Further, they also downgraded their predictions on the housing market for calendar years 2022 and 2023 by 3.7% to 6.1 million units and 4.5% to 5.4 million units, respectively. Mortgage originations outlooks were downgraded as well, as they now expect 2022 origination activity to total $2.70 trillion and 2023 originations to total $2.25 trillion, down from the respective $2.82 and $2.41 trillion they had previously projected.
Rising interest rates and inflation are on the forefront of economists' minds, and the ESR no longer believes that recent and future moves by the Federal Reserve to curtail inflation by tightening monetary policy will result in a “soft landing” as they are still predicting a slide into a recession during the second half of next year.
The ESR is also forecasting a “meaningful slowdown” in home sales during the second and third quarters followed by a softening in construction activity and, ultimately, a large deceleration in home price growth. Mortgage rates have risen faster in the last five months than any time since 1981. With only 1.4% of mortgages now predicted to have a 50-plus-basis point incentive to refinance, it is expected that, going forward, a majority share of refinance activity will be of the cash-out variety.
"Financial conditions have tightened significantly, and the economy is slowing faster than previously expected as markets adjust to the Federal Reserve's tightening guidance," said Doug Duncan, Fannie Mae Senior Vice President and Chief Economist. "Uncertainty continues to weigh heavily on markets, with geopolitical risks rising as the Russian war on Ukraine extends into its third month. The impact to prices of expected reductions in agricultural production, as well as continued increases in house prices, suggest to us a difficult path for the Fed to return inflation to its two-percent target rate in a timely manner – and, of course, in the absence of an economic downturn."

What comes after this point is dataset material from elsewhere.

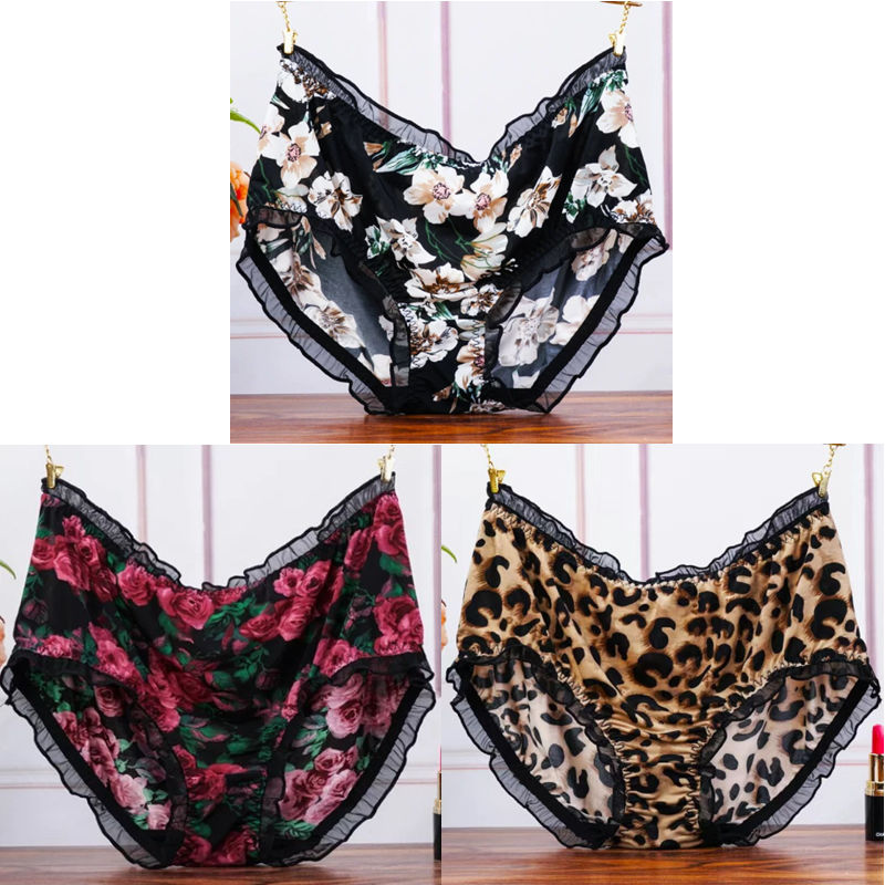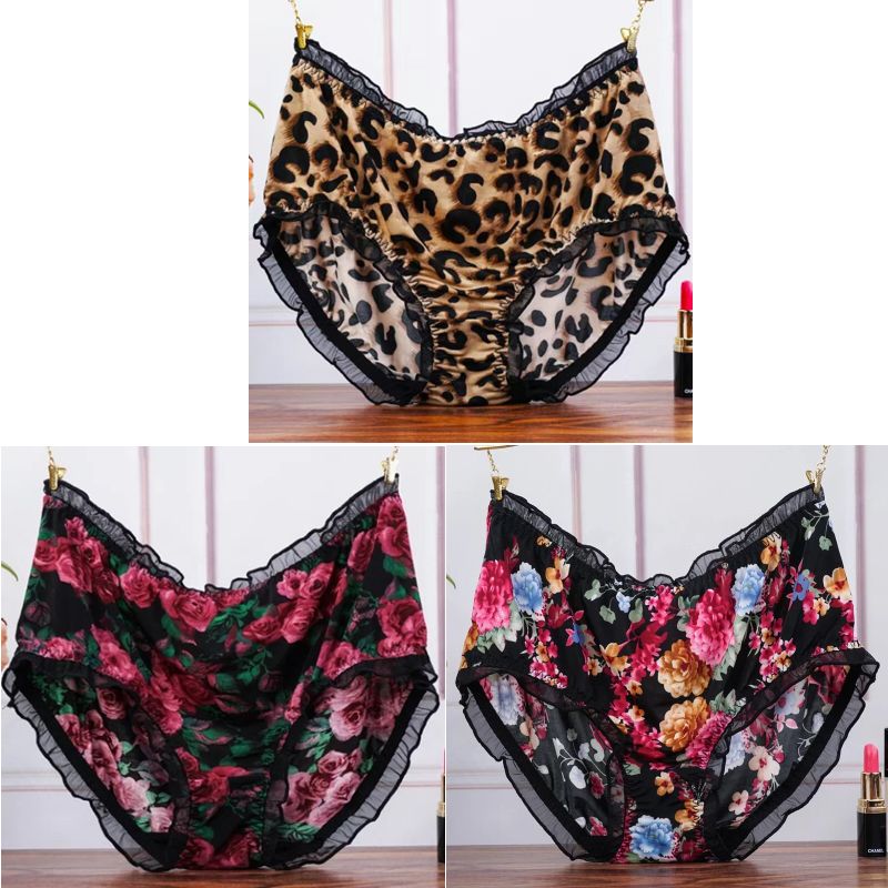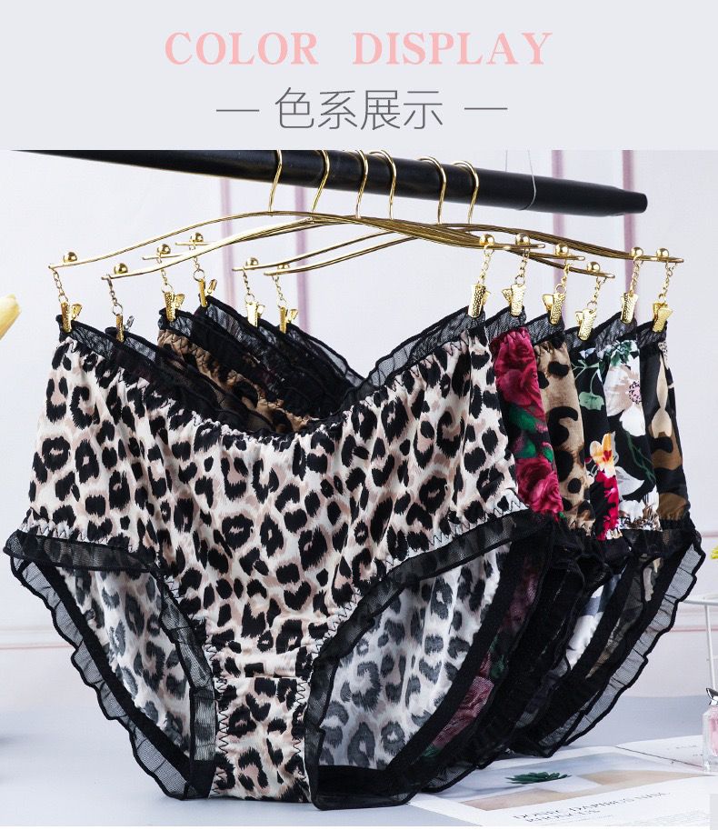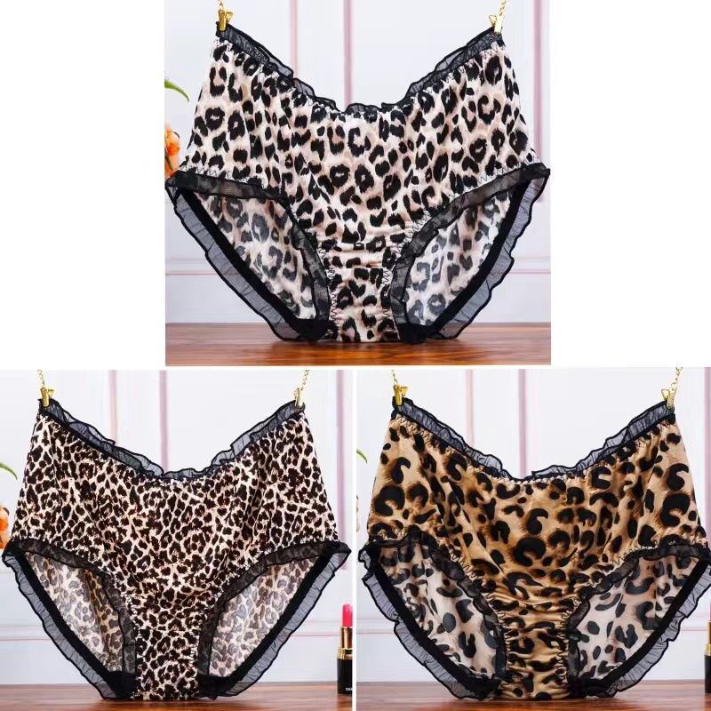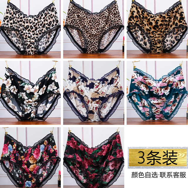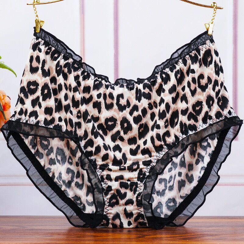内裤女网红中高腰花边蕾丝弹力大码胖mm内裤中腰豹纹豹纹爆款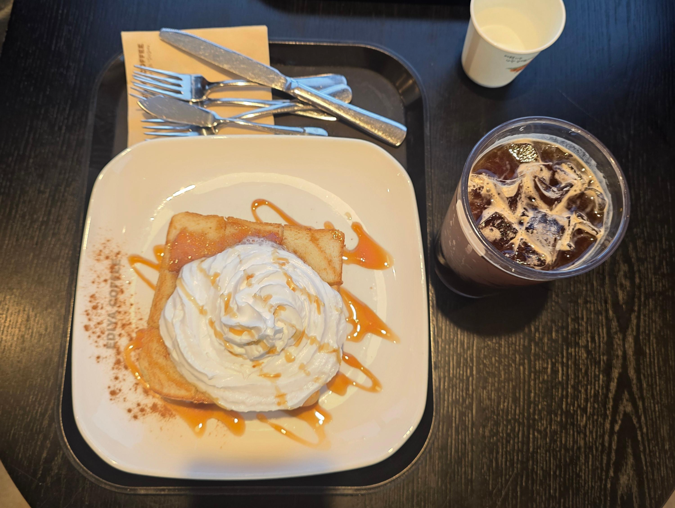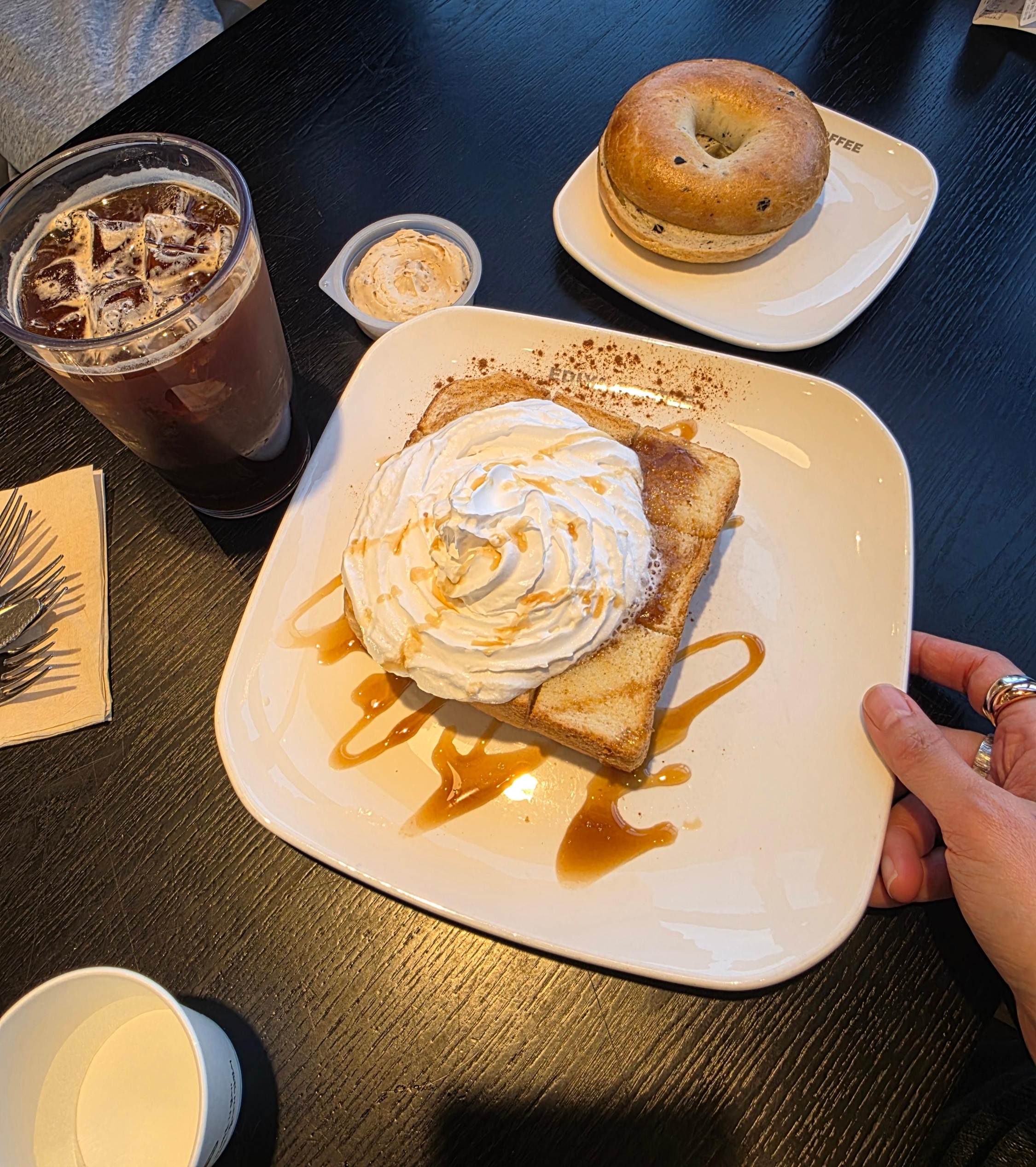 허니브레드는 위에 휘핑크림이 듬뿍 올라가 있고, 카라멜 시럽이 촤르르~ 보기만 해도 행복하죠.

"Rising mortgage rates are reducing affordability through higher mortgage-related costs, all while house prices continue to grow. Historically, rapid and substantial rises in mortgage rates have had the effect of slowing activity, which we reflect in our forecast. Not only is the worsening affordability of homes a problem for potential entry-level homebuyers, but current homeowners are less likely to trade in their existing lower-rate mortgages and list their homes for sale, both of which will likely weigh on sales."